A couple hours later, Mateo watched in amazement as a 3D printer formed a cast designed to fit his leg perfectly. It looked like nothing he had seen before. It wasn’t completely closed, but a web of plastic connections, almost like fishnet stockings. If Spiderman ever got hurt, this was the cast he would wear. Once it was finished, he put his pants on over it, and you couldn’t even tell that it was there. The nurse tried to give him medication for the pain, but Professor Duke Andrews walked in just in time to stop her. “Sorry, Mateo,” he said. “But the cast is bad enough. I can’t have these drugs interfering with our experiment.”
“Sir, I do not know who you are, but this is a medical decision...” Duke pulled her aside to talk her out of causing problems. Carol came over and gave him a hug.
“Are you going to slap me too?” he asked of her.
Carol turned to Leona. “Did you slap my son?”
“I admit to nothing.”
Daria stood up and took charge. “My nephew needs to get some sleep. I suggest we go back to wherever it is you people live so that he can rest.”

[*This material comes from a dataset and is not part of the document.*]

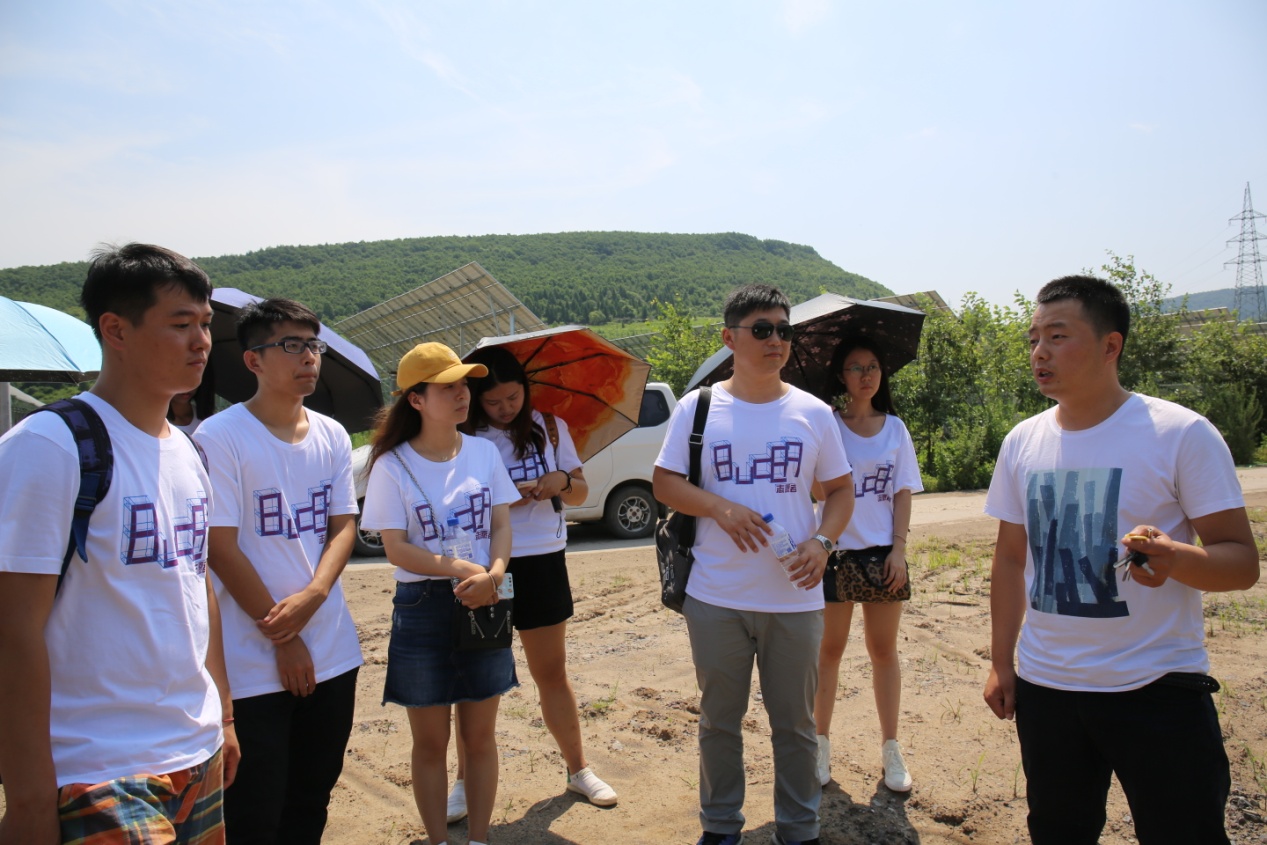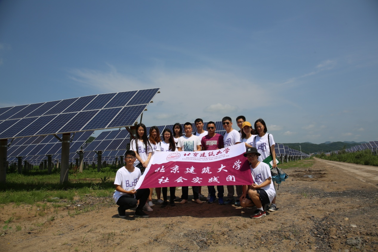 北京建筑大学实践团队来到白山市最大的太阳能光伏发电站,在行车途中皆可以看到整齐排列的太阳能电池板在太阳底下熠熠生辉,象征着新农村建设的曙光。

“I need to run some tests before he disappears,” Duke complained.
“And you will get your chance. You have over twenty hours left. But for now, let’s go. Someone needs to deal with the discharge papers.” She physically ushered them out of the room so that only she and Mateo remained.
“I think I would have liked you as an aunt. Whatever the motives of these people, the...powers that be, they better be worth me losing three of my parents and you.”
“That brings me to the second reason I’m back.” She took something out of her pocket and handed it to him. It looked not unlike a flash drive, but it definitely wasn’t that.
“Computers use these nowadays?”
She coughed. “The way I understand it, the technology required to access this device won’t exist for another couple centuries, or was it millennia?”
“I thought you weren’t a time traveler.”
She smiled lovingly and took a drink of water from his cup. “I’m not. But I’ve met some people since you’ve been gone.”
“Daria,” he started to say.
“I don’t know you. But I love you.” With that, she disappeared.
Mateo went back to his mother’s new Colorado house and slept the rest of the day away in a bed designated for him. They woke him up that night and drove him back to the university. Duke took blood samples, saliva samples, and other samples. As midnight approached, they had him lie in a machine that looked like the glass coffin from Snow White.
“The machine is going to run nonstop for the entire year,” Duke explained to him. I imagine the data during that time will provide us with zero insight, but we’re doing it anyway. We’ll see you later.”
Both his mom and Leona told him that they loved him. Then midnight.